On the other hand, they seem to be much more in tune with the supernal and supernatural. Also, they are more driven by the sexual dynamics between men and women. It's all about sex, sex and power, and a fundamental understanding of what is right and wrong.
Guimba the Tyrant, central character of this film, rules his small village by keeping his subjects broke in spirit and possession. He whips them, extorts from them, and when he needs to, casts enchantments and harmful spells upon them. Guimba is grooming his dwarf son to take over the family business, but though Guimba tries to teach his son ruthlessness, the next generation is mainly interested in bedding large-rumped women. Which is too bad for dad because his tyranny is starting to crest as we enter the story. The oppressed locals are getting weary of his ways and the wayward son isn't helping his dad hold the reigns of the reign.

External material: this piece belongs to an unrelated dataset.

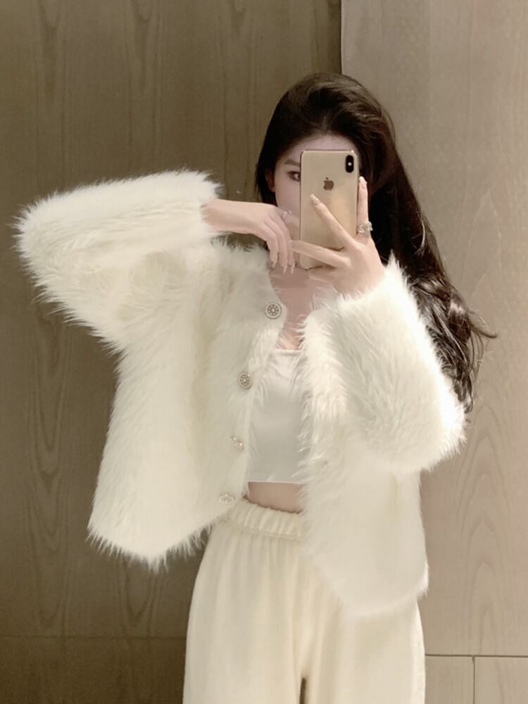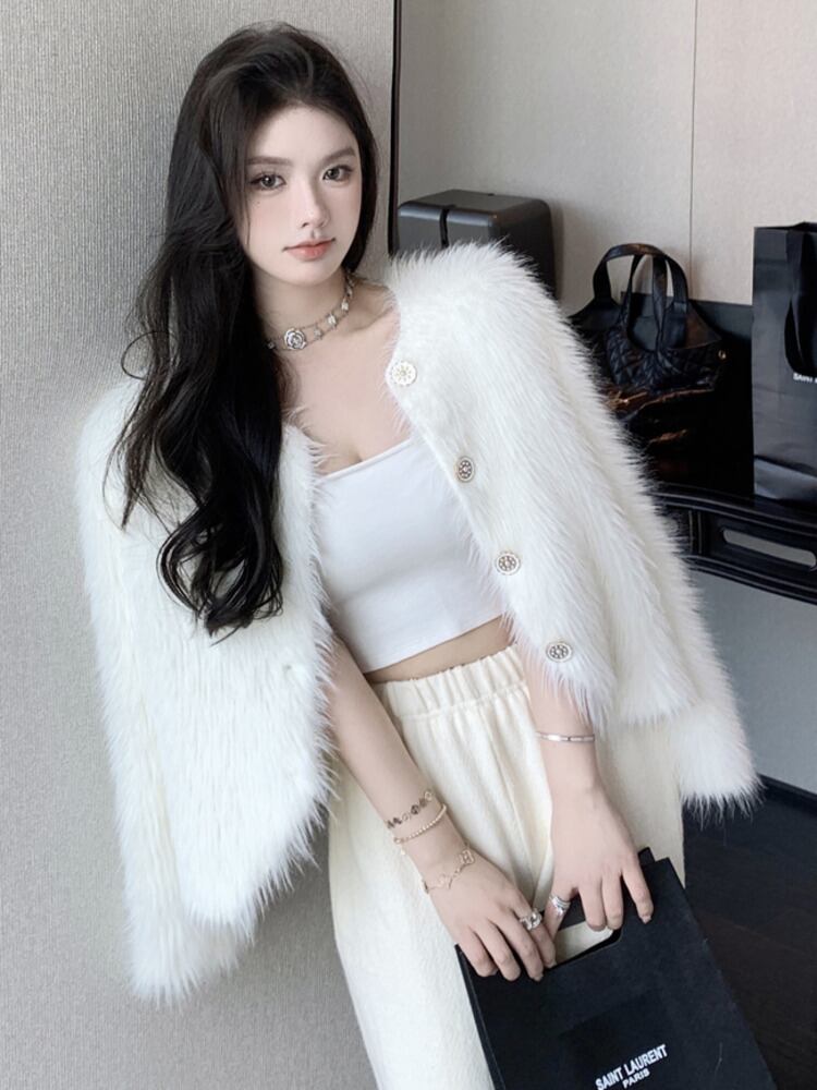 女性の冬のミンクの毛皮のコート無地ストリート シングル ブレスト フェイクファー クロップド ジャケット アウターウェア ウィンター 冬物 ソリッドカラー mes801516077

Guimba's son has had his marriage arranged to the village queen, let's call her Kani. But she refuses to marry the son because he is short on stature and character; and that's fine with him because she is short on buttock mass. He's much more interested in Kani's steatopygous mother. But Kani is such a hottie that Guimba decides to take her as an additional wife for his own pleasure. This is clearly the wrong thing to do, but Guimba is entrenched in his Machiavellian ruling style and (the acorn doesn't fall far from the tree) is driven by his lusts.
Kani resists by marrying two strapping men whom she sends to show Guimba a thing or two. With a heart-wrenching integrity, the two march on Guimba's palace only to be shot by the dwarf son. Unlike the jaded killings in many US films, these are truly shocking. The murdered seem astonished that guns could kill them. They'd believed themselves immune, shielded by their righteousness. Such innocence is very different from the Western conception of violence, and their deaths' tragedy falls squarely back upon Kani.
More people are exiled and killed. Guimba decrees that all suitors to Kani will be castrated. But Kani's father, in exile, finds a hunter named Silimon who is also a magic user and a warrior. Kani promises to marry him if he will defeat Guimba. This far into the film, we are treated to an interesting special effect: Guimba casts an eclipse over the sun, through which are shot lightning bolts, which look as though they've been scratched directly onto the acetate.
The filmmakers are not from the US, which enables the view of Mali's culture to be uncompromised. This isn't Spielberg's film crew setting up in a remote location, a la State and Main, grinding Sumatra, complaining about the heat, razing an oasis for a better camera shot of the desert. This natural match between message and medium is very refreshing. I mean, sometimes I wonder what is more distractingly ironic than a film set in the Middle Ages and shot with the very latest cinematic technology.
Much of the subtlety in this story, I think, got lost in the translation to me. There is probably more to it than your standard revenge story. For instance there are two griots, or bards, that add to the layers between tale and audience. The first griot appears at the beginning, walking along a river (like Ali Farka Toure) singing this sad tale to the audience. Within his tale, a second bard accompanies Guimba to sing his praises and to provide some framing of the story and some comic relief. I feel some understanding of the griot's role is lost to me, as one example.
There is also the interposition of the subtitles to contend with, and they seem to do a haphazard job of expressing in written English what is going on in the movie. Some long sequences pass with lots being said and no translation appearing on the screen.
But I think it's good to be exposed to different cultures. If you wish to follow my example, don't try too hard to get it. Just let the sincerity of the characters and the richness of the visuals permeate you. You will notice huge difference in lifestyle, but fundamental similarities of human soul.